### ENTRIES SUPPLIED

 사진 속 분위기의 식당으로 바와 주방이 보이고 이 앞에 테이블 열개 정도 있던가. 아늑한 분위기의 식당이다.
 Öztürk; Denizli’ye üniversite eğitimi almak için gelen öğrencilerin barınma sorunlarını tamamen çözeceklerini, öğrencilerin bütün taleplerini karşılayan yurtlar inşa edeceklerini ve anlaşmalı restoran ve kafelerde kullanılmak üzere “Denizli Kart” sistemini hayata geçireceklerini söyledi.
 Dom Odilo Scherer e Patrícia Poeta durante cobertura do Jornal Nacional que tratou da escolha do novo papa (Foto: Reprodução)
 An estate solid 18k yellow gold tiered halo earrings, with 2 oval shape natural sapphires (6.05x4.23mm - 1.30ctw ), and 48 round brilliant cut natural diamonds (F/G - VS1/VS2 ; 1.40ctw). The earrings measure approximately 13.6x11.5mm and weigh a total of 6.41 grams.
==
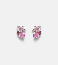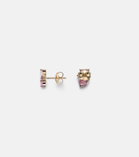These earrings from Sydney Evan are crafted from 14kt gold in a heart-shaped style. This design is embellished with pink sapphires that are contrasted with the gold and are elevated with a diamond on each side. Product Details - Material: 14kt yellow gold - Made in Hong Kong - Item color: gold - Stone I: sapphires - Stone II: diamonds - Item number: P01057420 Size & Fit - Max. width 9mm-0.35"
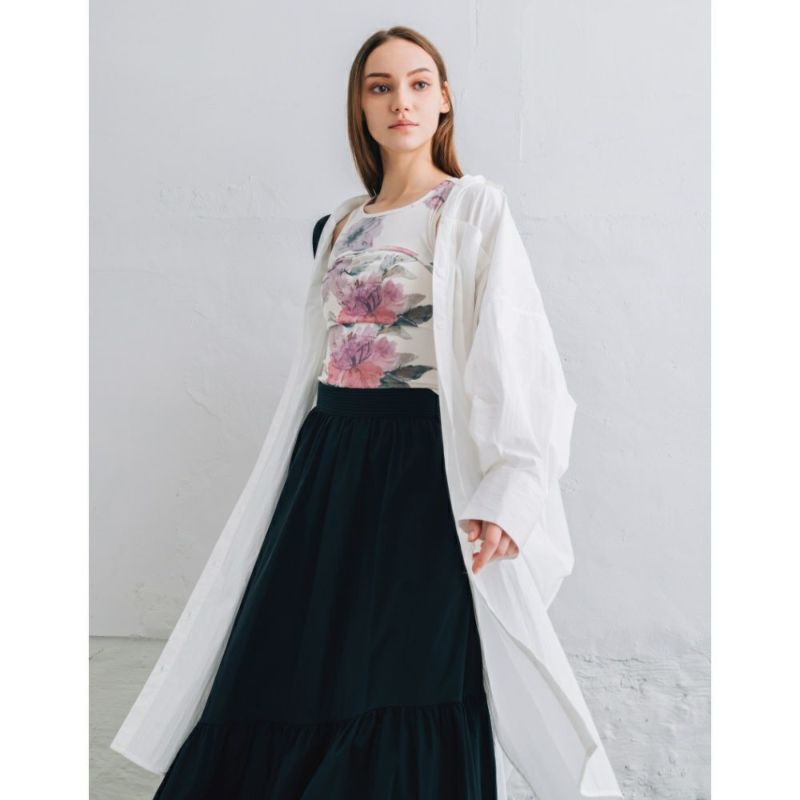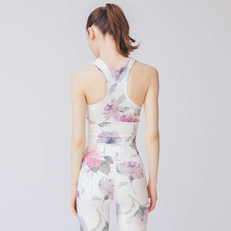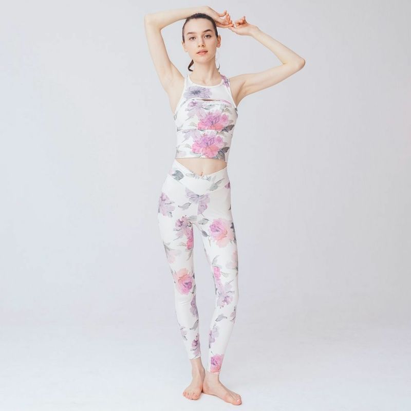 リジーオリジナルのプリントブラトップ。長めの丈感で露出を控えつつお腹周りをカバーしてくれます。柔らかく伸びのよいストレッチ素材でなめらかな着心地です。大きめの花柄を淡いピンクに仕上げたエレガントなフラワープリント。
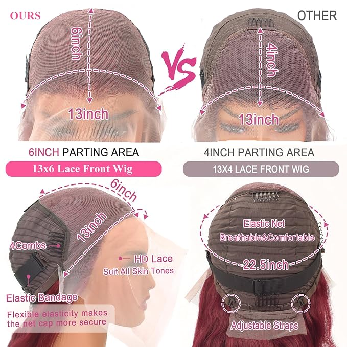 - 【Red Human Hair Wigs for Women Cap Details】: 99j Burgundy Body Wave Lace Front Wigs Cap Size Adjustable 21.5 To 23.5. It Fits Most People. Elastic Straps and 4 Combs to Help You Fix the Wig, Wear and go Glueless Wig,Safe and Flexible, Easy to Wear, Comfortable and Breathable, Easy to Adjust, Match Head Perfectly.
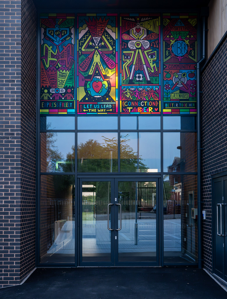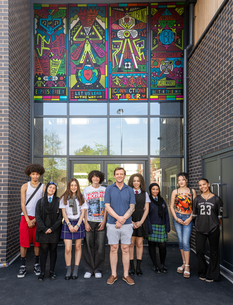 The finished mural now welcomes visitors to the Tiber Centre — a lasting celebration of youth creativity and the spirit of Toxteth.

### WHAT YOU ARE ASKED TO DO
Once you find the line with "사진 속 분위기의 식당으로" above, print it and every line after it up to and including the line with "An estate solid", exactly as written and nothing else.

### TASK ANSWER
 사진 속 분위기의 식당으로 바와 주방이 보이고 이 앞에 테이블 열개 정도 있던가. 아늑한 분위기의 식당이다.
 Öztürk; Denizli’ye üniversite eğitimi almak için gelen öğrencilerin barınma sorunlarını tamamen çözeceklerini, öğrencilerin bütün taleplerini karşılayan yurtlar inşa edeceklerini ve anlaşmalı restoran ve kafelerde kullanılmak üzere “Denizli Kart” sistemini hayata geçireceklerini söyledi.
 Dom Odilo Scherer e Patrícia Poeta durante cobertura do Jornal Nacional que tratou da escolha do novo papa (Foto: Reprodução)
 An estate solid 18k yellow gold tiered halo earrings, with 2 oval shape natural sapphires (6.05x4.23mm - 1.30ctw ), and 48 round brilliant cut natural diamonds (F/G - VS1/VS2 ; 1.40ctw). The earrings measure approximately 13.6x11.5mm and weigh a total of 6.41 grams.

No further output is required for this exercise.